The three sailors also have plenty of both dance and acting skills. Unlike the film version, where the three sailors tend to be remembered as “Gene Kelly and a couple of other guys” (sorry, Mr. Sinatra), the three sailors in this production are much more evenly balanced. Tony Yazbek’s Gabey (the Gene Kelly role) has more featured vocals (particularly ballads) and a bit more classical dance, Jay Armstrong Johnson’s Chip has some delightful physical comedy (managing to appear squished and confined inside a taxi which consists of merely a bright yellow bench seat and a steering wheel), and Clyde Alves’ Ozzie’s terrified/exhilarated romp first with a large T. rex skeleton and later with a large anthropologist manages to reel in a couple of scenes that teeter on being too cartoonish even for this production. The three men together have a nice, brotherly, believable chemistry which is welcome and refreshing in a show full of caricatures and manufactured situations. Their mission to find Miss Turnstiles is the thread of believability which holds the show from completely flying apart into unreality.
Another delight in this particular production is the many secondary (or tertiary, or quaternary) roles that are so well-played as to be memorable in spite of their minor status. Philip Boykin plays multiple small roles, but wins over the audience immediately with his glorious deep voice in the show’s opening number, “I Feel Like I’m Not Out of Bed Yet.” Jackie Hoffman also plays multiple comedic roles, pretty much stealing the scene in every one of them, but most notably in her recurring role as the booze-swilling voice teacher Madame Dilly, whose hip flask seems to magically transform her voice from a bass croak to an operatic coloratura.
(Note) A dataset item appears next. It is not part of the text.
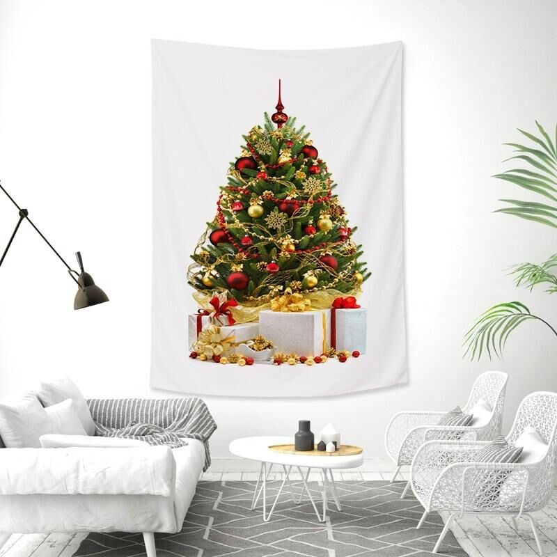 Ορθογώνιο χριστουγεννιάτικο δέντρο ροδάκινο δέρμα ταπισερί τοιχογραφία Χριστουγεννιάτικη διακόσμηση ταπισερί, μέγεθος: 145x215cm (11)
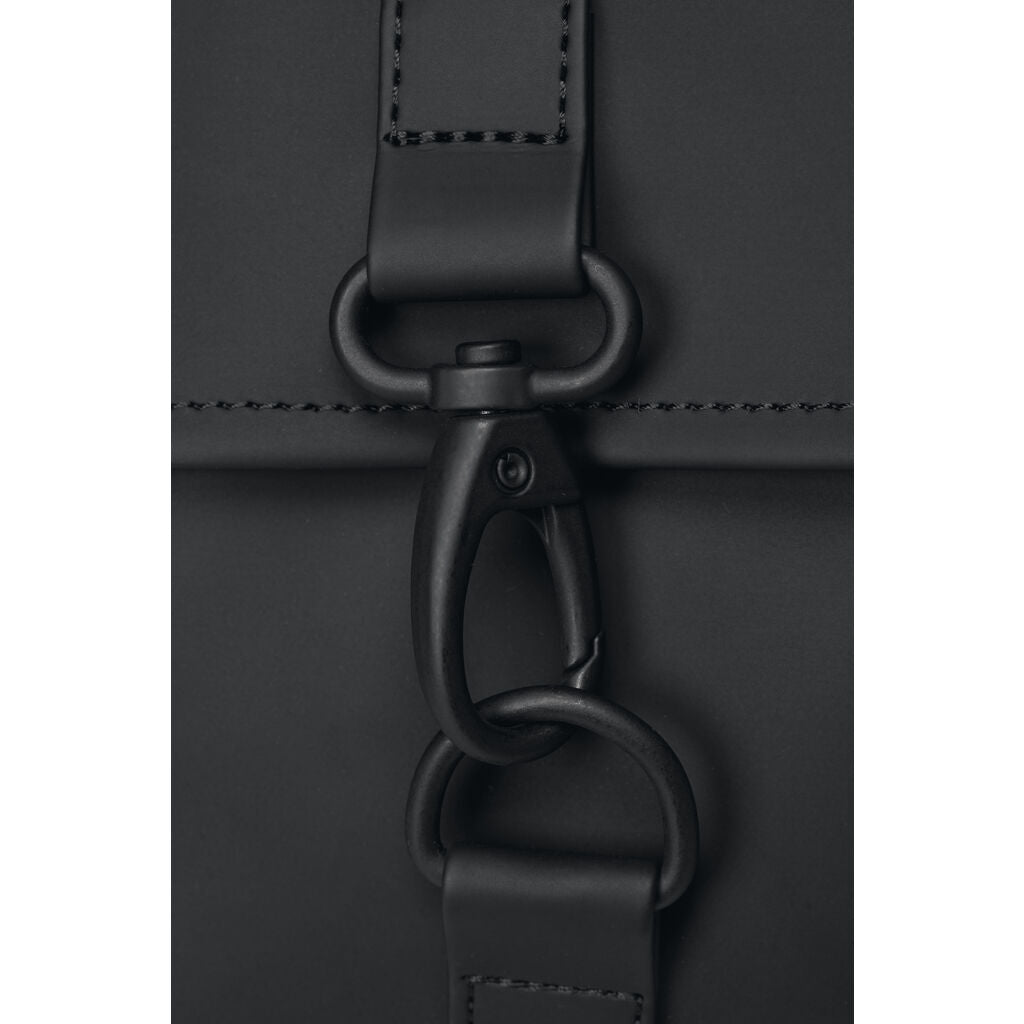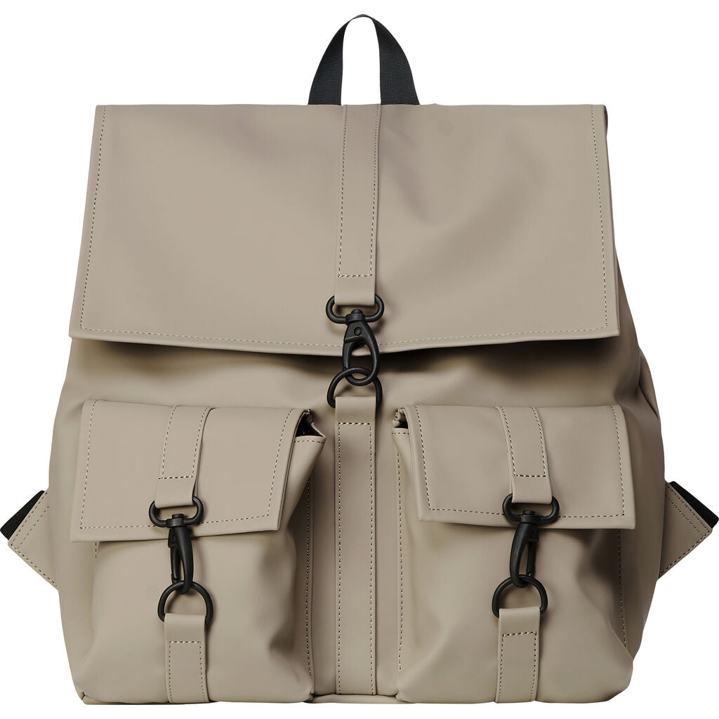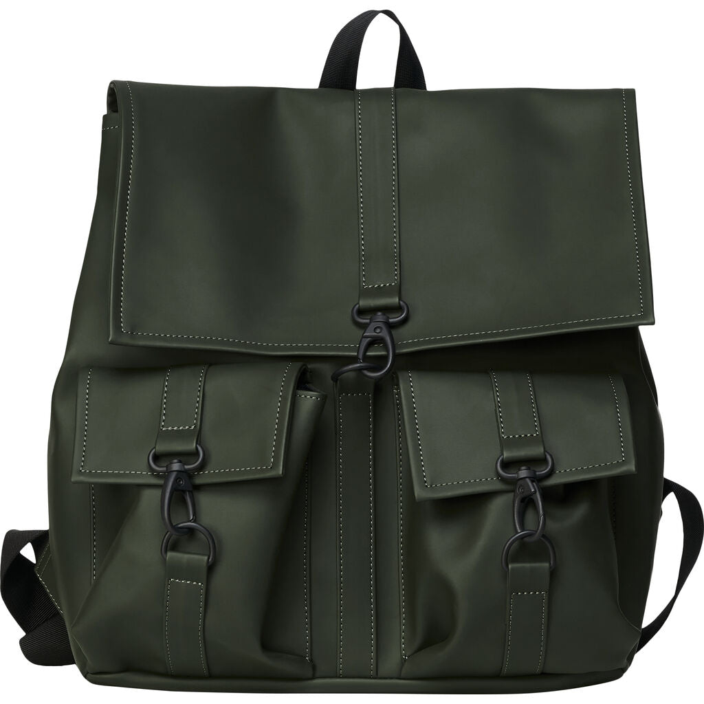MSN Cargo is a modified version of RAINS signature backpack, MSN Bag. This medium version of the classic features two front cargo pockets with RAINS’ maritime carabiner closures. Inspired by the traditional school backpack, the MSN silhouette is created from waterproof fabric and fully lined on the inside. MSN Cargo has a main compartment sealed with side snap-buttons and a top flap secured by carabiner closures. MSN Cargo is finished with adjustable webbing shoulder straps.

Even the unnamed ensemble member with the running “So I said…” subway gag brought it to life with impeccable timing and a spot-on Brooklyn accent.
One final high point of the show for me was the glorious jazzy, belty performance of Alysha Umphress as Hildy. Each of her numbers was unabashedly in-your-face (as they should be for her character), hitting the back wall of the theater, vocal pyrotechnics and power. When you’ve got a voice like that, you ought to show it off.
To sum up, if ever a show was greater than the sum of its parts, it’s this revival of On the Town. Taken separately, most aspects of the production were good, but somehow they all worked together to create a production that is much better than good. It’s a helluva show!